# Work instructions:
Leaving out every picture, copy the lines of the material below exactly, from the line containing "A blonde walks" through the line containing "Con su gran".

# Supplied data:
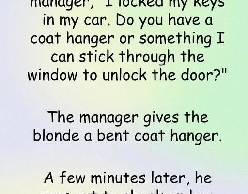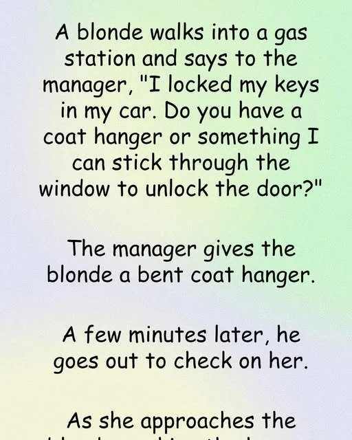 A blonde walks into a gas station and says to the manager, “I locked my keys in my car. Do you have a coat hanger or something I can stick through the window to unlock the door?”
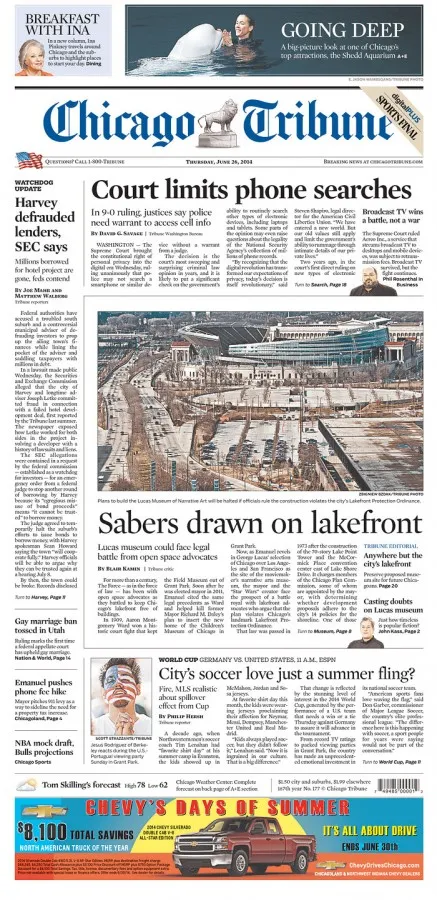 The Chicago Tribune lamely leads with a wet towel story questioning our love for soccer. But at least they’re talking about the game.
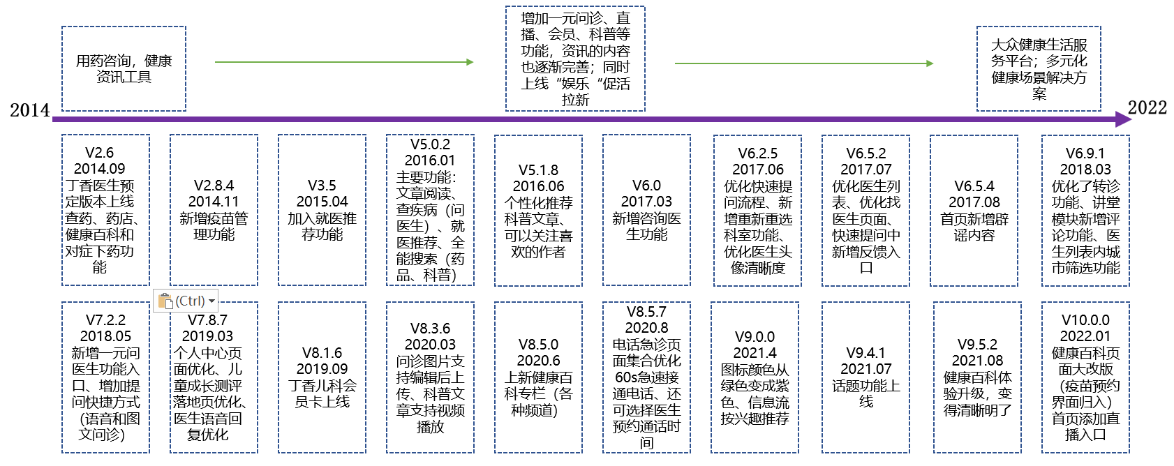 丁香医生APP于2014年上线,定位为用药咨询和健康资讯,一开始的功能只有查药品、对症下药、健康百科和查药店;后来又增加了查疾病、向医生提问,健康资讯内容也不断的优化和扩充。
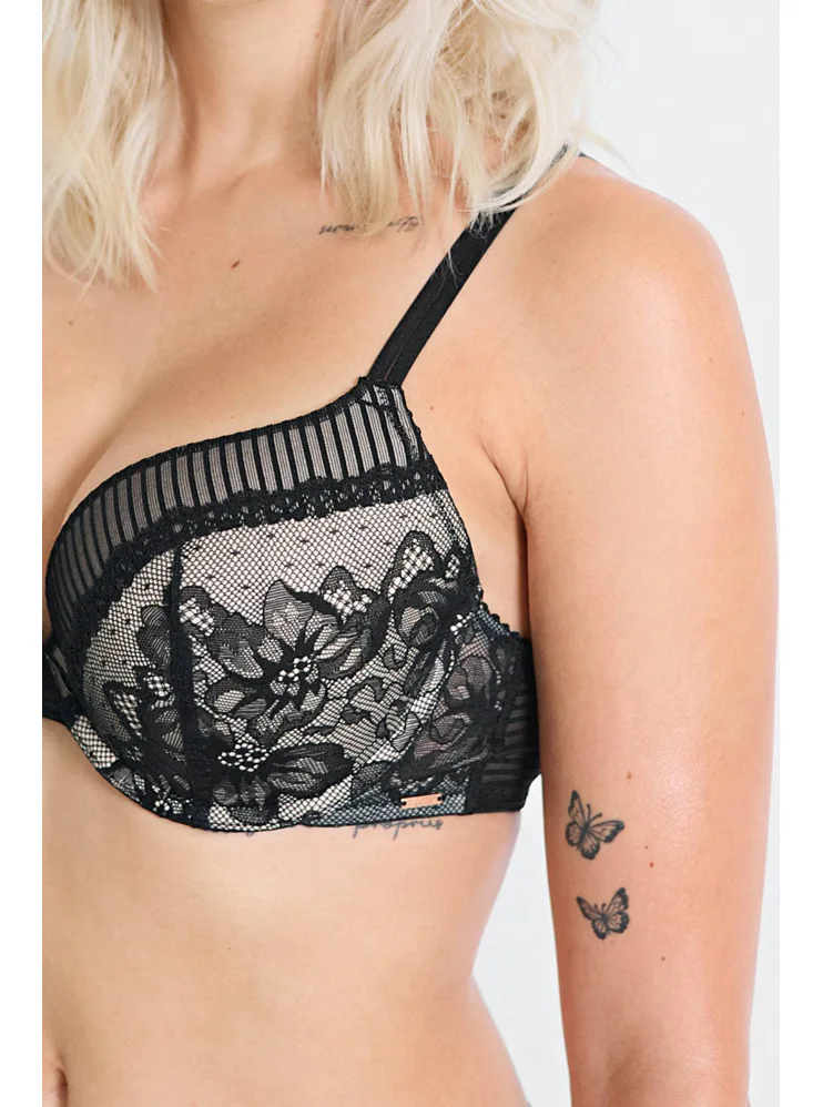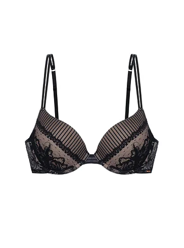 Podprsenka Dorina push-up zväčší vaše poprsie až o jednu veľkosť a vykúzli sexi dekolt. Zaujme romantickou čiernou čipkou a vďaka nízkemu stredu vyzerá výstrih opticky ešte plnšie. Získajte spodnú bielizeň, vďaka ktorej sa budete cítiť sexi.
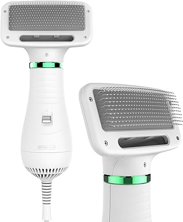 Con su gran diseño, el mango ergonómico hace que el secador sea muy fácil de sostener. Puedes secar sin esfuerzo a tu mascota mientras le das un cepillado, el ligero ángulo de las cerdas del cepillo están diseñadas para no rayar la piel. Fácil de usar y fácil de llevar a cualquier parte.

...

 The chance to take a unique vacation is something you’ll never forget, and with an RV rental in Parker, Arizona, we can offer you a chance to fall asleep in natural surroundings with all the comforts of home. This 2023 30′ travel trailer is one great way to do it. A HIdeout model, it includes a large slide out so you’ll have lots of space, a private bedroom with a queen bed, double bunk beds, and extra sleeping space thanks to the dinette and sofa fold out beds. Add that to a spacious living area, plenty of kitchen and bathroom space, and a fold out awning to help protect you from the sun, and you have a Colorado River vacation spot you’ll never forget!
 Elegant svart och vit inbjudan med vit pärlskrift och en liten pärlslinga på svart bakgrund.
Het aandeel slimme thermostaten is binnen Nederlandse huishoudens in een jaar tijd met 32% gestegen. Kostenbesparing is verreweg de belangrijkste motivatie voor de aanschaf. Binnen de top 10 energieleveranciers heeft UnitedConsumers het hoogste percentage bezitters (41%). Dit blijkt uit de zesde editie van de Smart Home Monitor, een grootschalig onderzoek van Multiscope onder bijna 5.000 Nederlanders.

---

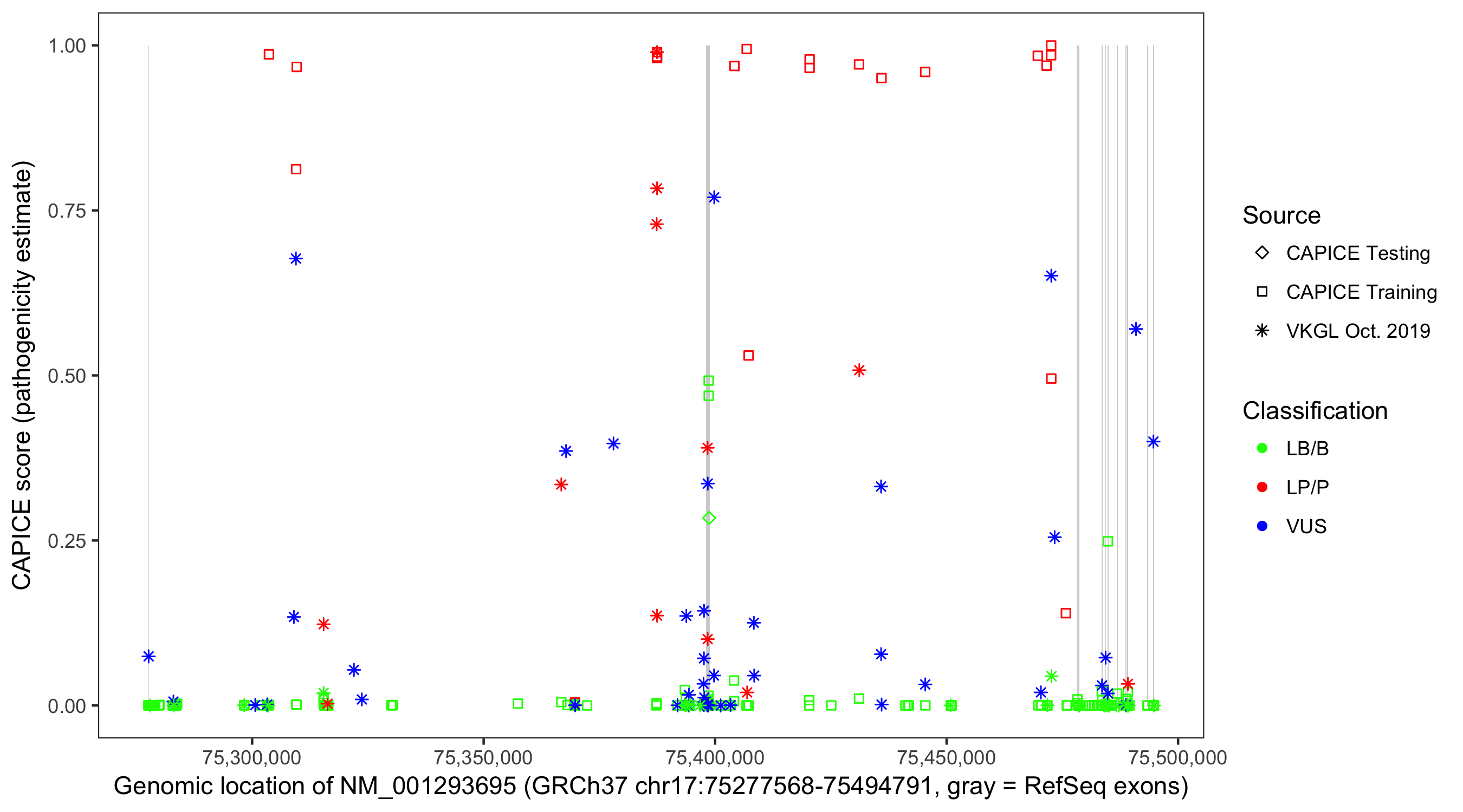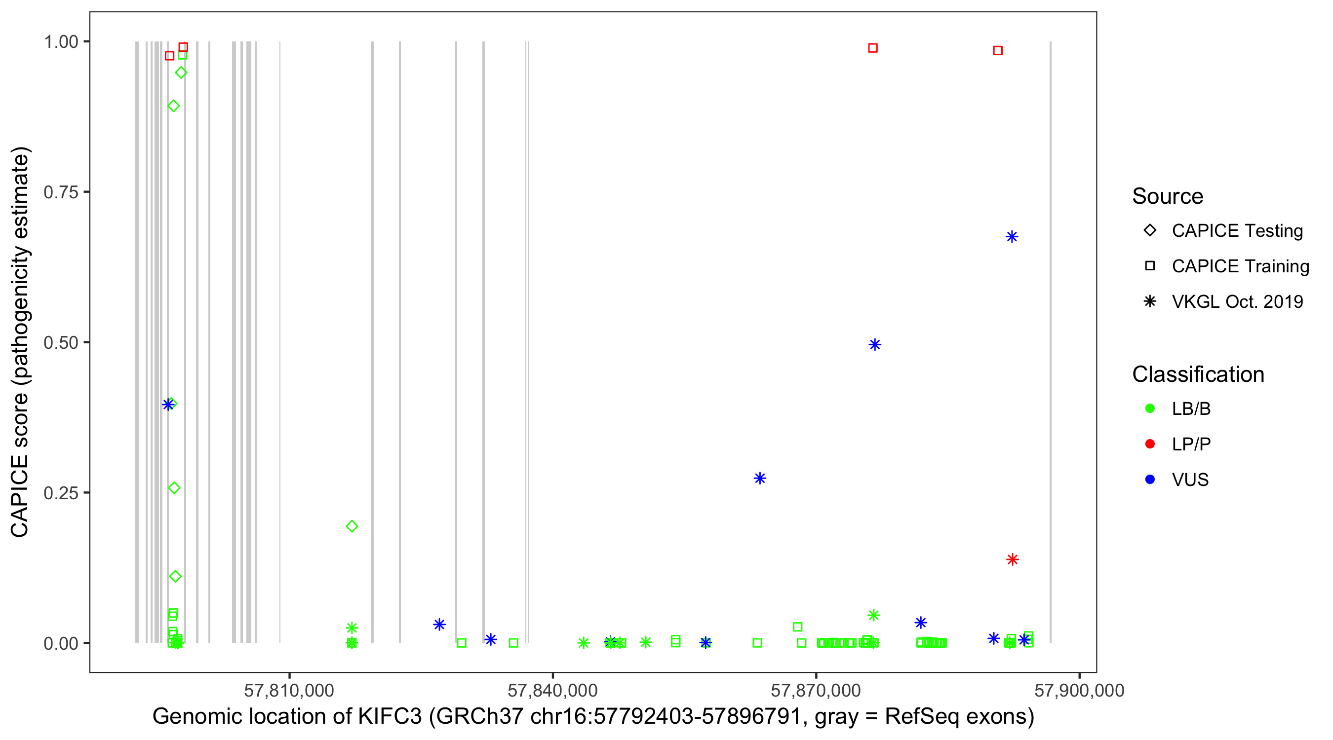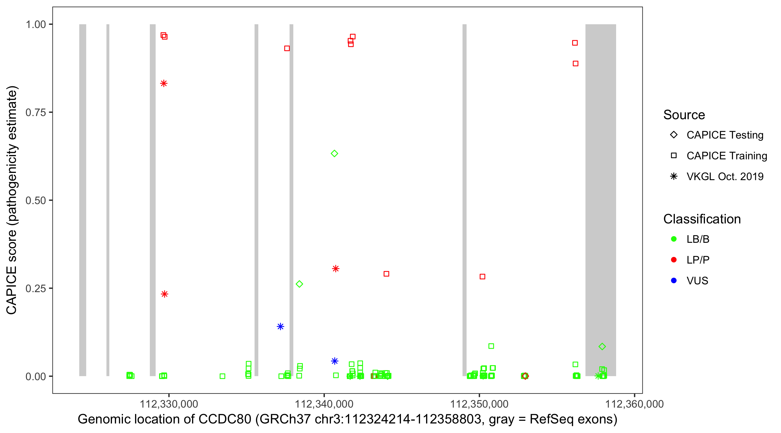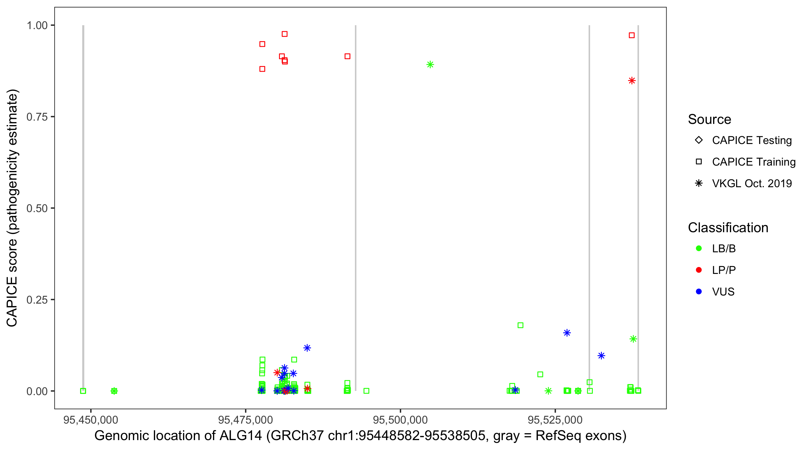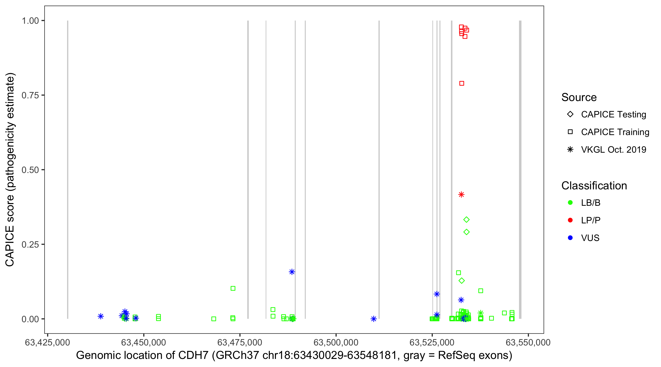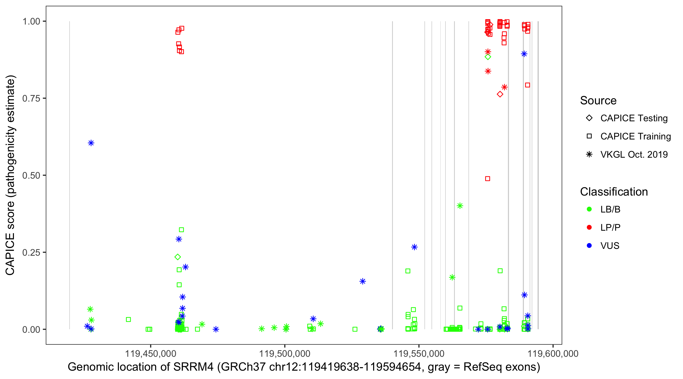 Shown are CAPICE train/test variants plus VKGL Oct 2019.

# Solution to the exercise:
 A blonde walks into a gas station and says to the manager, “I locked my keys in my car. Do you have a coat hanger or something I can stick through the window to unlock the door?”
 The Chicago Tribune lamely leads with a wet towel story questioning our love for soccer. But at least they’re talking about the game.
 丁香医生APP于2014年上线,定位为用药咨询和健康资讯,一开始的功能只有查药品、对症下药、健康百科和查药店;后来又增加了查疾病、向医生提问,健康资讯内容也不断的优化和扩充。
 Podprsenka Dorina push-up zväčší vaše poprsie až o jednu veľkosť a vykúzli sexi dekolt. Zaujme romantickou čiernou čipkou a vďaka nízkemu stredu vyzerá výstrih opticky ešte plnšie. Získajte spodnú bielizeň, vďaka ktorej sa budete cítiť sexi.
 Con su gran diseño, el mango ergonómico hace que el secador sea muy fácil de sostener. Puedes secar sin esfuerzo a tu mascota mientras le das un cepillado, el ligero ángulo de las cerdas del cepillo están diseñadas para no rayar la piel. Fácil de usar y fácil de llevar a cualquier parte.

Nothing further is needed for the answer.